▶ **ACTIVITY**:
Every line below between the one holding "2021年9月8日上午,我院" and the one holding "Este evento, organizado", inclusive, should be copied exactly, and no other line.

▶ **ENTRIES SUPPLIED**:

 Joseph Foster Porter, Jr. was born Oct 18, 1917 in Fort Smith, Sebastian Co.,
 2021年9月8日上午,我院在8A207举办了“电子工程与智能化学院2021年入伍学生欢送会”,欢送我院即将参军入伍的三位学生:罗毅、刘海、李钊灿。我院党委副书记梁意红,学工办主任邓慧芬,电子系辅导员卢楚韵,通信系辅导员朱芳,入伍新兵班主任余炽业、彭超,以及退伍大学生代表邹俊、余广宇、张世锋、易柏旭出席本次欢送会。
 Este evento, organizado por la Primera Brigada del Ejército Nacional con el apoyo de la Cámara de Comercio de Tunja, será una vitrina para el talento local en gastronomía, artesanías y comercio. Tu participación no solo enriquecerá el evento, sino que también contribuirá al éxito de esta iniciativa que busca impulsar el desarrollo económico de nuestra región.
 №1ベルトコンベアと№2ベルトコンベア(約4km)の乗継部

---

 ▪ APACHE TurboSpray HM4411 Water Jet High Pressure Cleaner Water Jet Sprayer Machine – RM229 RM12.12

▶ **SOLUTION TO THIS TASK**:
 2021年9月8日上午,我院在8A207举办了“电子工程与智能化学院2021年入伍学生欢送会”,欢送我院即将参军入伍的三位学生:罗毅、刘海、李钊灿。我院党委副书记梁意红,学工办主任邓慧芬,电子系辅导员卢楚韵,通信系辅导员朱芳,入伍新兵班主任余炽业、彭超,以及退伍大学生代表邹俊、余广宇、张世锋、易柏旭出席本次欢送会。
 Este evento, organizado por la Primera Brigada del Ejército Nacional con el apoyo de la Cámara de Comercio de Tunja, será una vitrina para el talento local en gastronomía, artesanías y comercio. Tu participación no solo enriquecerá el evento, sino que también contribuirá al éxito de esta iniciativa que busca impulsar el desarrollo económico de nuestra región.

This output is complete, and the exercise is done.